The dogs cringed growling at his feet and Mim, moving very gingerly, climbed out of the truck and walked in at the rarely used front door ahead of the boy. Just inside the door, the five other children clustered on the bottom of the stairs. Mim tried to smile at them. She knew them all. She remembered sitting at the picnic table in the shade of the maples, letting them tumble around her. They would talk and talk, even the littlest ones— they got that talking streak from both sides—and whoop, running out onto the lawn to show her backwards somersaults and lopsided cartwheels. Now they were silent, and she looked at them in alarm. In the fading afternoon light of the front hall, it seemed to her they were peaked, and the youngest, Jonathan, a year older than Hildie, was sucking his thumb. They looked wary, the way Hildie did when she had just kicked over a pail of milk and expected to get a whack—five pairs of sky-blue eyes waiting for her to strike, and another behind her attached to the heavy shotgun. She didn’t ask them why they weren’t in school. She could tell by looking that they wouldn’t answer.

But Jerry had at least put the gun down in the corner. He nodded in the direction of the front room, and Mim opened the door and went in.

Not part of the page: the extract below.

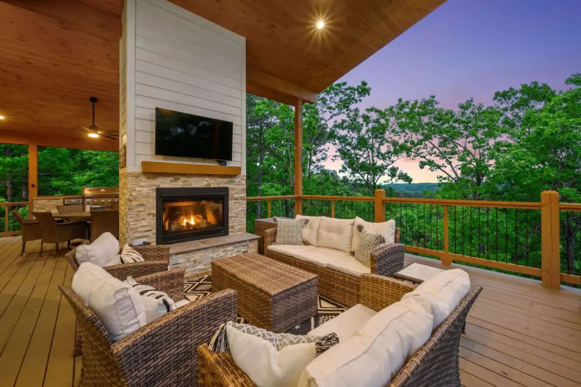 🌟 Outdoor Fireplace: Cozy up by the outdoor fireplace for warmth on cooler nights.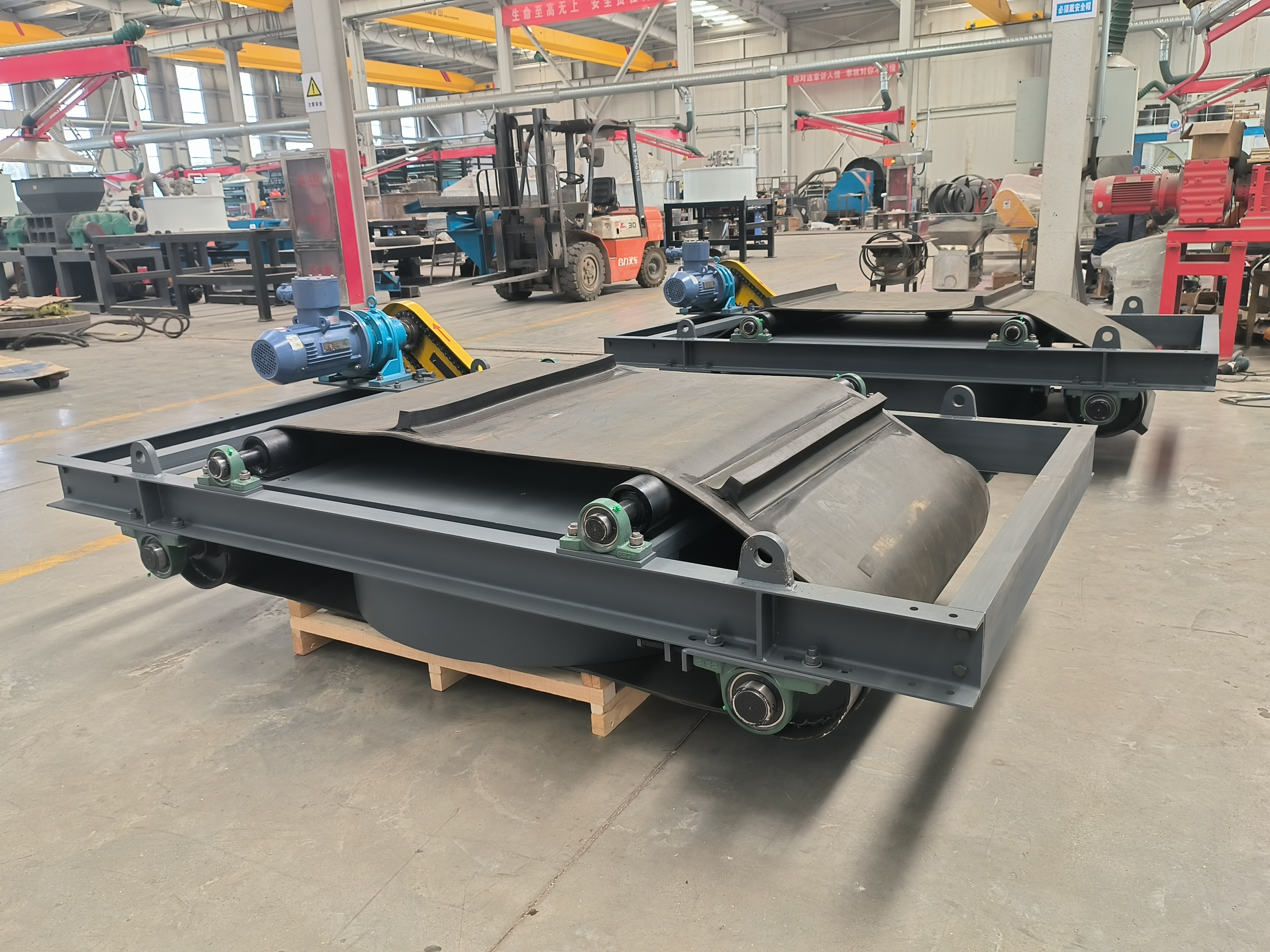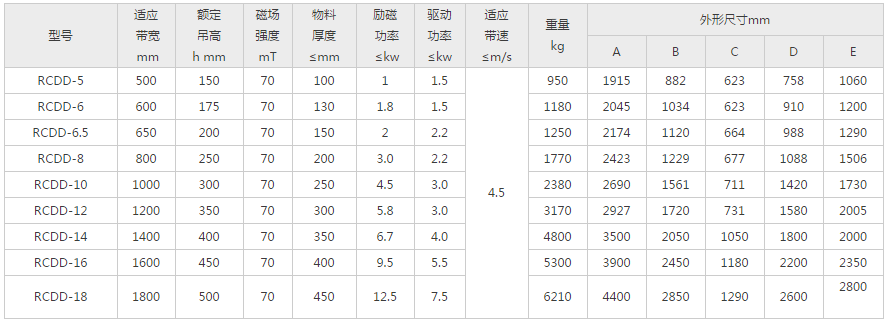 RCDD型自冷自卸式電磁除鐵器是一種用于自動處理粉狀或塊狀非磁性物料中雜鐵的除鐵裝置。其內(nèi)部采用電工專用樹脂澆注,自冷式全密封結(jié)構(gòu)。具有透磁大、吸力強(qiáng)、防塵、防雨、耐腐蝕、皮帶可自動糾偏等優(yōu)點(diǎn),在惡劣的環(huán)境中仍能可靠運(yùn)行。

Agnes was a tall woman with big bones, who had grown blowzy with the birth of her children. She never had been quite in control —of her big body, of her sprawling house, of the garden Mick planted and left for her to tend, of her six children, of her affections or her tears. She reminded Mim of the peach trees Pa had planted that fell beneath the weight of their own fruit when they weren’t pruned. Agnes could never keep anything in place, least of all her tongue.

Leaning 011 the arm of a new maple rocker upholstered in a pattern of golden eagles and flatirons, she faced the door, waiting for Mim. Mim was startled at the way she looked. She had gained a lot more weight, and all of it showed in the blue jersey pantsuit she was wearing. The jacket was a mass of stains down the front as if she spilled everything she touched. And she had cut her gray-brown hair short and possibly given it a permanent, for now it stood on her head in an almost solid mat of tangles.

Mim put her hand to her face. “You’re looking a bit pale, Agnes,” she said. “Kids too. You been ailin’? And winter not come on yet?”

“Ain’t nothin’ I can do for the child,” Agnes said, her surprisingly high-pitched voice screwed down tight on the words. “I can’t think why you come to me.” She got up and walked heavily across the room. Her toe picked up a corner of the new hooked rug and she stooped to lay it down again. Then she went to the back window and stood with her back against it, and Mim noticed that she was leaning on a radiator.

“Central heat!” she said. “You sure done a lot with this room.”

“It’s bad luck,” Agnes said. “So don’t bother bein’ green. I got six to count every hour. I get up at night and count them.”

Agnes hugged herself as if for warmth, but Mim felt a prickly heat spreading from her wool jacket, making her face itch.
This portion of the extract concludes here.